Saturday, April 12, 2008

素晴らしい!

I've been looking for this for months!

The. Absolute. Best. Japanese-English dictionary in the world is Jim Breen's edict, which resides at Monash University in Australia. That's a given, a sine qua non.

There have only ever been two decent user interfaces for this astonishing mass of information, Sergey Kurkin's JEDict for Macintosh OS X, and of course the excrutiatingly obscure cross-platform original from 1997, JavaDict, both now getting very long in the tooth. And nothing at all worth mentioning for Windows, especially Vista!

Until now... (Well, 2006 anyway. It's new to me!)

Rikaichan 1.01 is a humble-seeming Firefox add-on that blazes into the hungry eye like a flaming plum pudding of ridiculously sybaritic delight. (As you can see, it doesn't take much to make a hobo linguist happy!)

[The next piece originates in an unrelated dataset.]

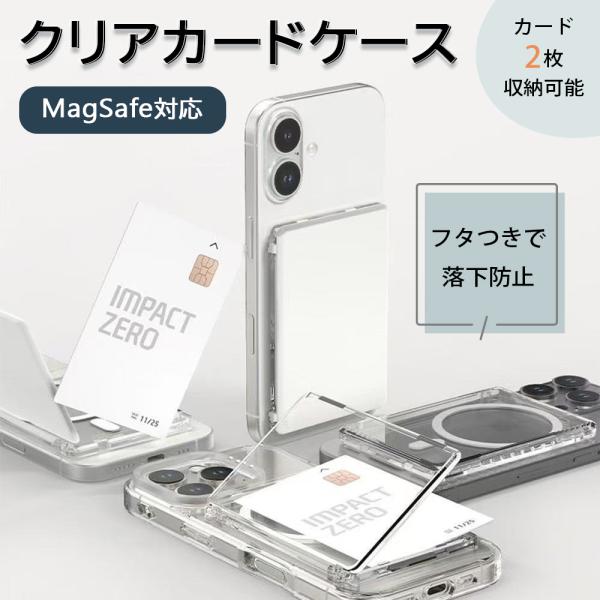 MagSafe クリアカードケース スマホ全機種対応 カード2枚収納 フタ付き 落下防止 薄型7mm 強力マグネット吸着 透明クリア ステッカー収納 iPhone Android

Rikaichan either translates Japanese text in web pages as you slide your cursor along, context-wise, or allows you to do fullpage dictionary searches from a small lookup bar. The information presented is Breen's Own Wordtrove, organized in comprehensive fashion on a clean, well-designed (and above all local) webpage. This magic it accomplishes in real time, instantaneously!*

This one applet, together with my totally unexpected and very happy discovery of the Japanese IME pad (you can draw the kanji you're looking for), has completely restored my faith in the future of free software. Bravo, guys! This is pioneering stuff.
*You can look up Japanese names, too! The trick is to press the Enter key once or twice. This feature is probably documented somewhere, but it seems a wee bit obscure.